This summer Sneha Chaubey worked as an intern in the Scientific Content group at Wolfram Research, in Champaign. She continued her work from last year building on the Wolfram function site in Wolfram Alpha, collecting formulas, properties, theorems, etc. for both elementary and complex mathematical functions and presenting the information in Mathematica notebooks. Functions include the Riemann zeta function, Dirichlet L-function, gamma function, exponential, logarithmic, sine and cosine integrals, and Jacobi and Elliptic integrals. Another project involved writing programs to construct general differential equations whose solutions in special cases are the Heun functions or Legendre functions.

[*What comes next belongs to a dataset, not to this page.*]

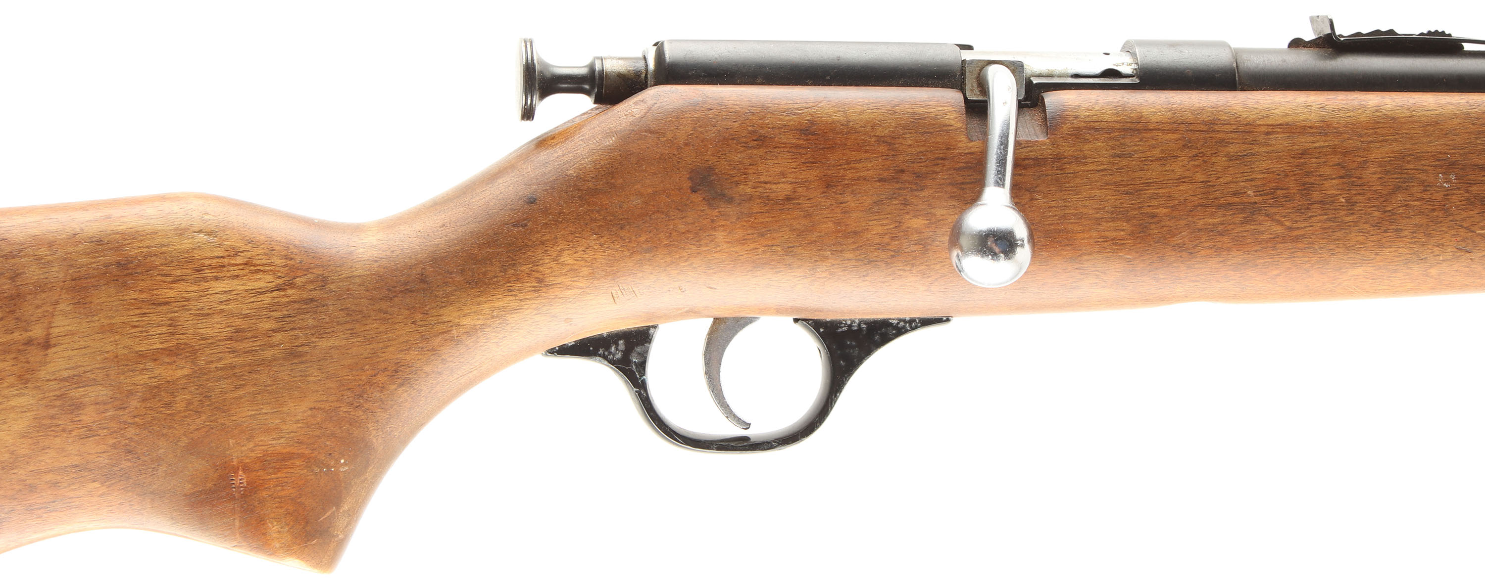 J.C. Higgins (Sears), Model 103.18 (Single shot version of Marlin 80), Marked .22 S, L, LR Cal., MFG. 1946-62, SN: None, Bolt Action Rifle, 24'' round barrel. The original flat pistol grip wood stock is excellent & solid, however most of the original finish has worn or been stripped away. There remains several minor scrapes, scratches & contusions. The original metal blue finish rates 85% overall. The bore is excellent & bright. The barrel carries an adjustable rear & front blade sights. The stock carries the original plastic buttplate. Nickeled bolt, bolt handle & trigger. FFL or C&R Req. - Value: 150 to 250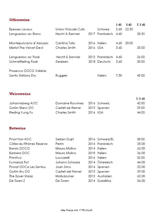 Getrankekarte Gasthaus Rossberg Schindellegi

Yongwoon Escobar worked as an intern at Sandia National Laboratories in the Center for Cybersecurity Defenders program. His first project involved studying cryptographic protocols, gaining experience on implementing a post-quantum public-key protocol on hardware, and establishing a pipeline of tools to process documents of interest relevant to cryptography. His second project implemented additional features and solutions for a graph partitioning algorithm and library in C/C++ for large graphs, on the scale of billions of vertices and trillions of edges, for systems running in parallel. Near the conclusion of his internship, he met and interviewed with various Sandia teams and organizations for potential future employment.
Benjamin Fulan - AbbVie (Research Park)
The internship this summer on the tinnitus project in the Speech and Hearing Science Department (supported by the PI4 grant) continued Mary Angelica Gramcko-Tursi’s work from last year. The overall aim of the project is to find biomarkers for Tinnitus that can be used for diagnosis. The project involves lead matrices, which are used to recover the cyclic order of activity levels in specified regions of interest in the brain, based on fMRI data. Mary Angelica examined differences in lead matrices over each session as well as across different sessions, by projecting them onto subspaces of high variation to determine whether there was any discernible difference between the two subject groups (with and without tinnitus). Her work showed that the data being extracted from lead matrices is in fact meaningful, rather than being a result of noise. These methods may also be useful in other diagnostic settings too.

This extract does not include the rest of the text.